Важнее для меня выходило то, что история с ней оставалась укором. Ведь на самом деле, она, явившись, приглашала нас если не к совершенству, то хотя бы к лучшему, призывала преодолеть в себе нечто, противоречащее званию человека. А мы старались избавиться от нее, от ее напряжений. Не напрасно ли? Порой казалось, что и напрасно. Желал ли я теперь ее возвращения? Не знаю. Могло бы все опять пойти сначала, и опять мы стали бы требовать избавления от Любови Николаевны Кашинцевой. Не раз я думал теперь о светоносности (или лучезарности?) Любови Николаевны, хотя как будто бы лучезарность эту я в особенности ощутил лишь в день исчезновения. «Лучезарность-то лучезарностью, — осаживал я себя, — а Бурлакина и дяди Вали нет». Да, Бурлакина и Валентина Федоровича Зотова нет… Но рядом с Бурлакиным и дядей Валей были мы, а не одна лишь Любовь Николаевна. И не заплатила ли она своим уходом, исчезновением, отлетом, кленом опаленным, замершими кустами бузины за все, что случилось в Останкине с нею и с нами? Не с горечью ли решилась она на свой отлет? Но и об этом можно лишь гадать. В воспоминаниях моих Любовь Николаевна существовала только живой женщиной, и никем другим, а женщина, какая бы она ни была, вызывала среди прочих чувств у меня и чувство вины перед ней, и сейчас я ощущал себя виноватым перед Любовью Николаевной. Но опять, опять приходило: а Бурлакина и дяди Вали нет…
С Михаилом Никифоровичем я виделся. Но не часто. Выглядел Михаил Никифорович удрученным, почти не улыбался. Я спросил однажды, как его гепатит. Гепатит Михаила Никифоровича беспокоил. Бумаги, в которых сталкивались мнения по поводу присуждения ему пенсии, осели где-то и затаились. Михаил Никифорович не побуждал их к жизни и к канцелярскому движению, но и не отзывал свои просьбы. Пусть лежат в чужих столах, вдруг возьмут и сами поплывут. К тому же он ощутил несомненное действие ельховских трав из сборов матери и уверил себя в том, что они совершенно излечат его. Стало быть, не боли и не тошноты удручали Михаила Никифоровича в первую очередь. Надо полагать, и не его аптечные дела. Особенности жизни и денежной оценки трудов медиков по-прежнему вынуждали его по совместительству работать в двух аптеках. Но это его не тяготило. Напротив, он был готов вовсе лишить себя праздных времяпрепровождений. Увлекаясь, рассказывал мне о своих неближних поездках к одиноким, немощным ветеранам с лекарствами в руках, хотя порой хворым или увечным людям, опекаемым Михаилом Никифоровичем, требовались и не лекарства, а простой разговор. Иным своим собеседникам он завозил и продукты. «Не надоест ли тебе твоя благотворительная деятельность? — поинтересовался я. — Не принуждаешь ли ты себя к подвижничеству?» «Нет, — сказал Михаил Никифорович. — Жалко одиноких… И есть интересные мужики…» Не одиноким ли был теперь сам Михаил Никифорович? Не к одиночеству ли приговорила его Любовь Николаевна? Однажды он мне признался (а и поводов к тому в разговоре не было), что, видно, стал старым, скучает в компаниях с развлечениями и не может выбить клин клином. Сразу же он замолчал и тяжело закурил. Я хотел было выразить сомнения о старости в сорок лет, да и на вид Михаил Никифорович был вовсе не генерал Крутицкий, но не произнес слов.

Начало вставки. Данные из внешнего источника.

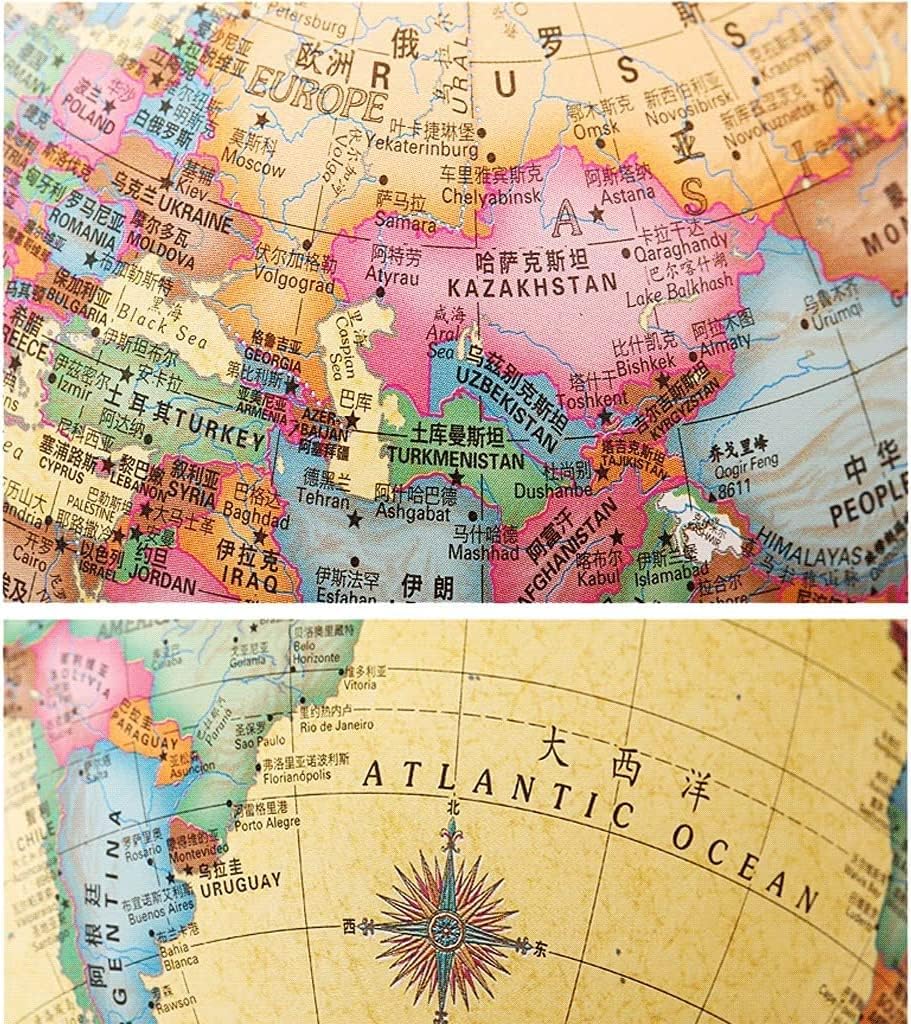 ROBUSTO E: la superficie del nostro globo è appositamente trattata per scrivere, marcare, ecc., è impermeabile e può essere conservato a lungo con una maggiore durata. Rispettoso dell'ambiente e materiale: il globo terrestre è realizzato in materiale PVC ecologico, completamente sicuro per i bambini. Con telaio interamente in acciaio, la struttura è robusta e. Classico e pratico: base in ABS, lavorazione squisita, alta qualità, stabile e anti-oscillazione. Esplora il mondo da tutte le angolazioni: cerca le ultime posizioni o caratteristiche geografiche più facilmente da qualsiasi angolazione sulla Terra. Rotazione a doppio asse di 360 gradi, basta ruotare la Terra per esplorare il mondo geografico Testo chiaro e accurato: puoi usarlo per insegnare, leggere chiaramente i nomi dei paesi e delle città. Le targhe di ogni paese sono colorate e hanno le loro caratteristiche.

Теперь Михаил Никифорович принимал Любовь Николаевну такой, какой она была, не выделяя в ней ни изъянов, ни совершенств. Просто она была женщиной, без которой он тосковал. И он помнил (убедив себя, что так и было) о том, что она сама будто бы коварством, лицедейством, бесстыжестью, в действительности же — истинно страдая, сама подтолкнула, подвела его к решению, а потом и освободила его от необходимости резать, толочь, сжигать живое! Каково при этом было ей? И ведь ждала, ждала она от него свершений, гордых, высоких, бесстрашных, одно лишь старосветское совместное проживание с любовью к супам харчо и цветной капусте, жаренной в сухарях, конечно, не могло удержать Любовь Николаевну в его доме. Однако, как и я, Михаил Никифорович помнил и о том, что нет Бурлакина и нет дяди Вали…

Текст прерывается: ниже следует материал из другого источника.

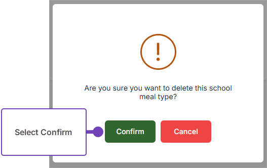 - The system checks to see whether the Meal Type is in use. Where the Meal Type is not in use, select Confirm to delete:
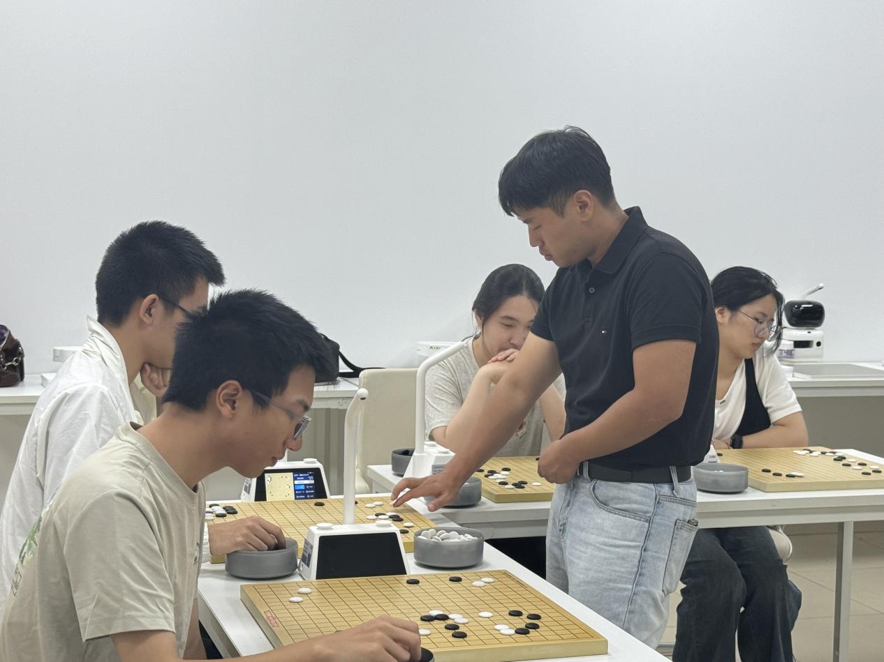 入学仅一周,他便积极参与多项校园围棋文化活动:在建桥新建的围棋智能工作室中,他主动加入“一对四指导棋”活动,耐心为同学们分析棋局、分享经验;在由职业八段棋手方天丰主讲的围棋讲座中,他踊跃发言,介绍韩国围棋战术特色,其清晰的逻辑与积极的态度赢得现场师生的广泛好评。

Как-то (мы держали тогда в руках кружки пива) мрачный водитель Коля Лапшин, рубивший теперь капусту тесаком, предложил скинуться на бутылку, вдруг опять выпадет кашинская. «Давай! — подтолкнул он локтем Михаила Никифоровича. — Ты везучий!» Мышца задергалась над правой ноздрей Михаила Никифоровича, он поставил кружку на стол, хмуро взглянул на Лапшина и вышел на улицу. «Дурак ты, Коля! — сказал летчик Герман Молодцов. — И даже хуже дурака!» Лапшин не понял, обратился с предложением к Каштанову. «Пошел вон!» — сказал Игорь Борисович Лапшину.

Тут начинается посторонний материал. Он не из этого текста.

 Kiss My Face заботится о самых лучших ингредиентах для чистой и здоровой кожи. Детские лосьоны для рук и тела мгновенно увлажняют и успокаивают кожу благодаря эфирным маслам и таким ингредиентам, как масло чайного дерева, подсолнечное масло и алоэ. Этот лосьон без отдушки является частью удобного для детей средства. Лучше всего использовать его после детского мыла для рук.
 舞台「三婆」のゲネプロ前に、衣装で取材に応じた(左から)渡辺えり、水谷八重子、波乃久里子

Игорь Борисович Каштанов вернулся к деятельности строительного рабочего. О том, что он был когда-то словесным помощником, чародеем рекламы, литератором, доверенным биографом, издателем, педагогом в классе альбомного стихосложения, он, похоже, не помнил. Да и зачем ему было помнить об этом? Он до того устал от букв и типографских знаков, что не читал более ни книг, ни газет. Старался Каштанов не думать о том, что с долгами-то он расплатился во времена кашинского пая и как бы те деньги не были признаны ложными. Снова видели его в обществе известной в Останкине покорительницы сердец Панякиной, случалось, что Игорь Борисович, как в былые дни, стоял перед дочерью сандомирского воеводы на коленях, пил из ее туфли либо «Акстафу», либо «Агдам» и потом по какой-то неустранимой и роковой традиции получал пощечину. Инженер Лесков снова интересовался, не слишком ли стоптана и нечиста обувь дамы, на что Каштанов гордо отвечал: «Мужланы! Здесь высшая трагедия! Вам не понять! Этот узел ни развязать, ни разрубить!» А в общем, Игорь Борисович вел жизнь смирную, благонравную и не вызывал нареканий административных органов.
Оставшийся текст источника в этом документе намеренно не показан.